# alternative to pin extraction tool (for ipod install)



## dorkus (Sep 4, 2003)

so, i picked up an E46 iPod adapter kit at Manhattan BMW today - got lucky, by coincidence they just received a new shipment yesterday (firmware v1.1, wiring harness was manufactured 9/20/04 in Czech Republic). the dealer gave me a print-out of the installation instructions, so all that was left to figure out was how to remove the radio harness pins w/o the "BMW Round Pin Extraction Tool." i stared at the connector and pin for a while and arrived at a somewhat servicable homemade solution. all you will need is a drinking straw and a pair of scissors, preferrably a small one with a narrow tip (e.g. small barber's shears).

find a suitable thin-walled drinking straw - i think most fast food chain straws will work (they are so incredibly cheap and flimsy these days)... cut a lengthwise slit at the end, about 3/4" should do, and trim away at the slit a bit so the straw will squeeze inside the connector without the straw's walls overlapping. basically you are trying to reduce the diameter of the straw so it fits into the connector cleanly. once you've trimmed it to the right size, wedge it into the connector (between the plastic hole and metal connector inside), and simultaneously press it in firmly while pushing the wire IN (not out) firmly) - this will press the straw against the small metal fingers inside that keep the connector inside the plug. after you've pressed the straw in as far as it will go, pull the wire out firmly, but not forcefully - the connector should slide cleanly out. 

i used a straw from Ikea, which is pretty small and thin, and it worked fine. if a McDonalds straw isn't too thick, it might actually work better - it's a bit stiffer. you will mangle the end of the straw after using it once, but of course you can just cut a new clean end, or get a new straw.

total cost of this method: $0 (assumming you steal a straw from a fast food joint and own a pair of scissors). it's not the most elegant method, but it's cheap and it works. even with some fussing around it shouldn't take more than 10 minutes to remove the 4 pins.

i'll try to post some pictures later to illustrate.


----------



## nickeltong (Mar 16, 2004)

Thanks for he info.

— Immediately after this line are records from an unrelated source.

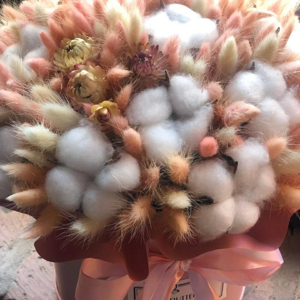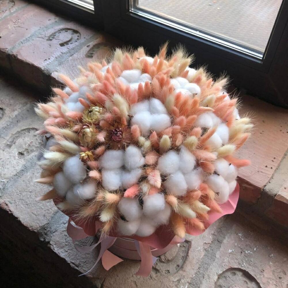 Лагурус – 170 шт.Хлопок – 17 шт.Шляпная коробка – 1 шт.Оазис флористический – 1 шт.Калька упаковка – 1 шт.Лента атласная – 2 шт.Сухоцветы – 3 шт.
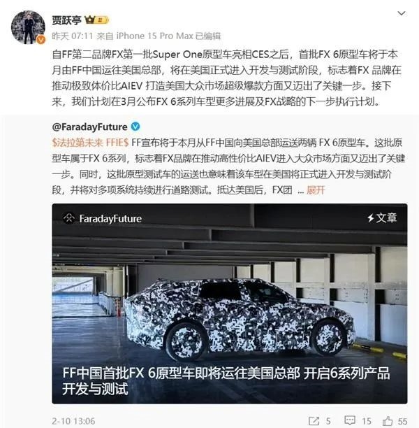 其实这也并非 FF 首次出现车型 “ 撞脸 ”,FF 在 2 月还公布了一台从中国运往美国总部的原型车,说是 25 年底会量产的 FX6,也是一台走辆车。就是跟这个上汽的智己 LS7 “ 很像 ”。
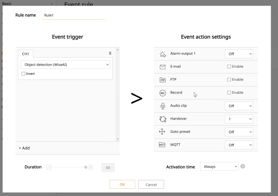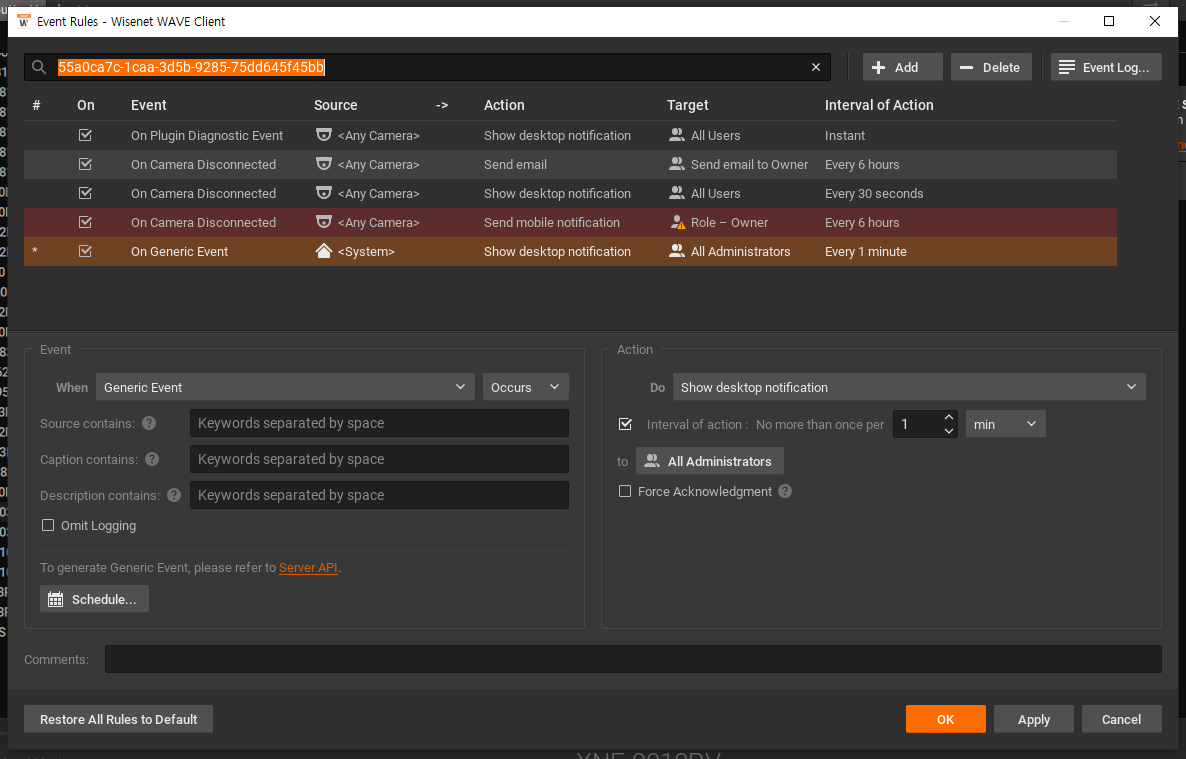 5. In the WAVE settings, set [Camera rule] - [Event-When:Generic Event].

It will be useful should I decide to go the Apple/BMW route.

Looking forward to see those picts.

:thumbup:


----------



## dorkus (Sep 4, 2003)

ok, i have some illustrations now.

first, start with the aforementioned straw. cut a lengthwise slit at the end, 3/4" to 1" in length.









trim some of the straw by cutting another lengthwise slit.









remove the trimmed portion.









insert the trimmed straw into the connector by compressing the straw end to size - if you trimmed the straw enough, you should be able to squeeze it down to the size of the pin w/o much if any of the straw's wall overlapping where the slit is. you must wedge the straw BETWEEN the outside of the metal pin and the plastic plug body. be sure the straw does _not_ go _inside_ the hollow metal pin - that won't do anything.

















press wire and straw firmly inwards to engage the pin's fingers.









after straw will not insert further, extract the pin by pulling on wire. a firm tug may be needed, but do not use excessive force. 









if the wire does not come out, the straw may have not seated properly - start over with a clean end and try trimming more off the straw and/or using a thinner straw. however do not trim _too_ much off the straw - there should still be enough in its circumference to cover the 4 fingers of the pin without overlapping excessively.

that's it. in the illustrations i show the connector that comes with the iPod harness, but the same procedure will work with the larger radio harness.


----------



## eatdrinkadam (Feb 23, 2006)

*Ipod adapter*

I tried the straw trick.. Although a good idea, it didnt work for me.

I used the metal peice from the tip of a paint brush (the part that connects the hairs to the base) It was perfect in diameter and enabled me to dislodge only 1 of the plugs. Not all 4.

I ended up cutting the wires and splicing them together with he ipod wires. This worked fine.

Overall DIY ipod install is a pain in the A$$.. If you have the 150-200 for factory install i would reccomed any day.

Also, beware of stereo not fitting back into place after installing wires. I tried everything.. Finally forced it into place and screwed it back in. SNUG!

Whew.. what a process.

-Adam


----------